In an interview with Charlie Rose, he shares that he had a full-time job before he became one of the most successful writers of today. What he did was treat writing as a hobby first, writing one page a day in his spare time. He always tells aspiring writers that if they don’t write one page a day, nothing is going to happen. (Source)

Make your reader feel your adjectives – C.S Lewis (Chronicles of Narnia, Mere Christianity)

“In writing. Don’t use adjectives which merely tell us how you want us to feel about the thing you are describing. I mean, instead of telling us a thing was “terrible,” describe it so that we’ll be terrified. Don’t say it was “delightful”; make us say “delightful” when we’ve read the description. You see, all those words (horrifying, wonderful, hideous, exquisite) are only like saying to your readers “Please will you do my job for me.'”

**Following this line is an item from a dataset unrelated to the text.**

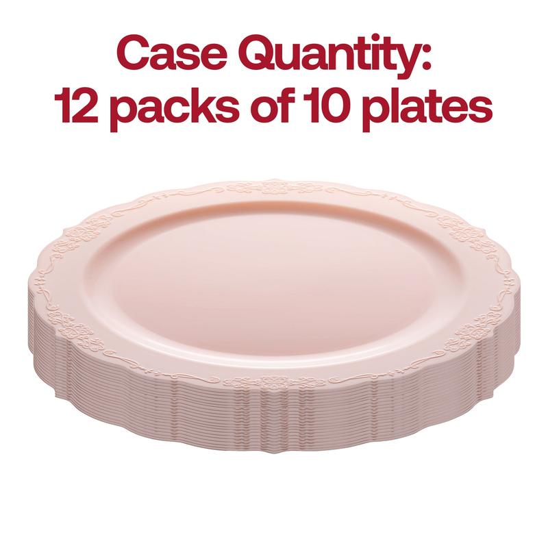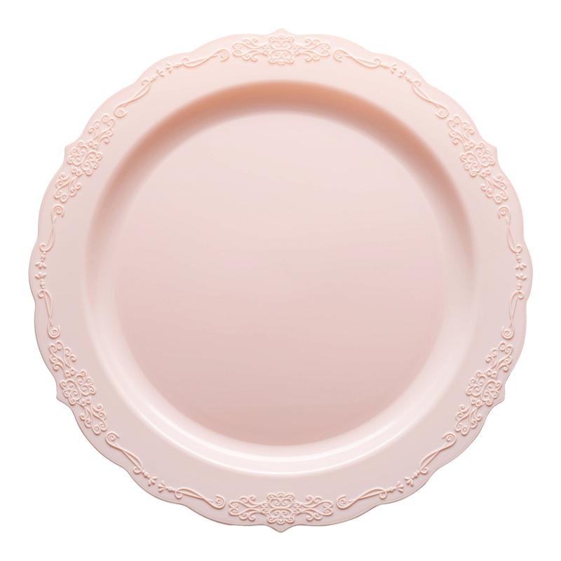 Product Name: Pink Vintage Round Disposable Plastic Dinner Plates (10")

Don’t make it difficult for your readers – George Orwell (Animal Farm, 1984)

“Never use a foreign phrase, a scientific word, or a jargon word if you can think of an everyday English equivalent.”

Overcome your shyness – Philip Yancey (What’s So Amazing About Grace, Disappointment with God)

In a chapter of his book Soul Survivor, Philip Yancey says that writers should not think about the fear of being thought arrogant by your readers. Be confident in telling your stories to other people, especially if you have a unique perspective on things that can help other people grow in their faith. (Source)

Be passionate – Max Lucado (Fearless, Traveling Light)

Choose a subject that is so worthwhile that you yourself will be passionate about it.  And because you’re passionate about it, you will write without ceasing until it’s finished. (Source)

Read a lot – Stephen King (Carrie, It)

Whether it is to pick up new ideas or to know which pitfalls to avoid, it is important that you read a lot. Even if it means cutting back on other activities like watching TV or going on social networks, you need to read in order to become a better writer. (Source)

Don’t be afraid to “market test” in advance – John Maxwell (Developing the Leader Within You)

Before publishing his book Everyone Communicates, Few Connect, he shared the manuscript on his blog for a limited period and received over 100,000 hits. Because of the reader feedback, he made nearly 100 changes in the manuscript and was able to use 70 additional reader-supplied anecdotes. The lesson here is to not be afraid of your readers’ feedback. This can in fact fuel you to become a better writer. (Source)

Just publish – Jon Acuff (Stuff Christians Like)

When it comes to blogs, don’t wait until you think you’ve created the “perfect” blog or blog entry. “Perfect is a myth. It’s a poisonous myth. Don’t give in to it. Just publish.” (Source)

Allow time and experience for your ideas to mature – William Girao (How to Live the Way God Wants, It is Better to Be Single)

“Let your ideas first pass the test of time and experience. What may seem to you as a precious idea and a necessary corrective today for our society may be irrelevant ten years from now.” (To read his article about Why We Write, click here)

  1. Ardy Roberto says:

    Great tips! Thanks a lot! Was told by John Maxwell personally a simple tip: “Writers write!” Instead of a page a day, I set aside one day of the week for writing. I’d rather write 5-10 pages in a week than one page a day. I like getting into the zone. I can’t stop with just one page. Buhay na Hindi Bitin was written in one sitting–about 5 straight hours, I think. And then revisions and rewriting came later. Same with Pera na Hindi Bitin — about 3 days of writing for about 3-4 hours a sitting. Then the rewriting came in hourly bite sizes.

  2. benjie says:

    this is nice! i’ll be moving into another country and i need to improve on my English skills to easily find a job.